Laakso, R., Egger, R., Oberlaender, M., & Krieger, P. (2015). Spatial point pattern analysis of neuron somata in the rodent somatosensory barrel cortex. Poster presented at 1st International Conference on Mathematical NeuroScience (ICMNS 2015), Antibes Juan-les-Pins, France.


Zitierlink: https://hdl.handle.net/11858/00-001M-0000-002A-45BC-D
Zusammenfassung
We study cellular organisation in different layers of rodent barrel cortex using three-dimensional point data gathered with an automated method of counting neuron somata. The neuron distributions are analysed for aggregation and repulsion patterns using methods from spatial point process theory. Quantifications of the topographical organization of neurons can show structure-function relationships at the level of microcircuits. Examples of anatomical features that have been quantified with regard to the spatial distribution includes the bundling of the apical dendrites from layer 5 pyramidal cells, the vertical organization of cell bodies in human cortex, and amacrine cells in the retina. These studies give examples of how the analysis of the spatial distribution of neurons is important for testing hypothesis on development, pathological reorganization and information processing in a cortical barrel column. We consider the soma distributions to be non-marked stationary point processes.

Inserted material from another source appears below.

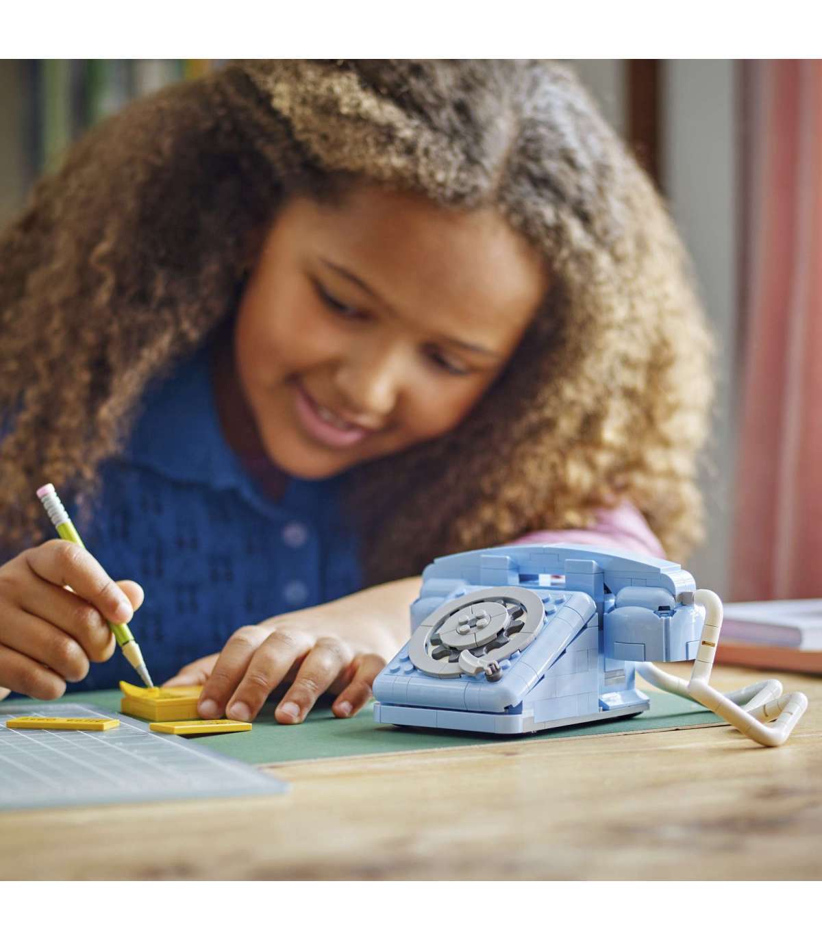 • Mõõtmed – 383-osalisse LEGO® kokkupandavasse mängukomplekti kuuluv retrotelefon on 7 cm kõrge, 15 cm lai ja 11 cm sügav

Aggregation and repulsion patterns in the data are analysed by computing three-dimensional second-order functions, the Ripley's K-function, the L-function and the pair-wise correlation function. The values are compared to complete spatial randomness (CSR) for indications of clustering or regularity. Furthermore, we analyse cellular organisation changes in different layers and compare results from different cortical barrel columns.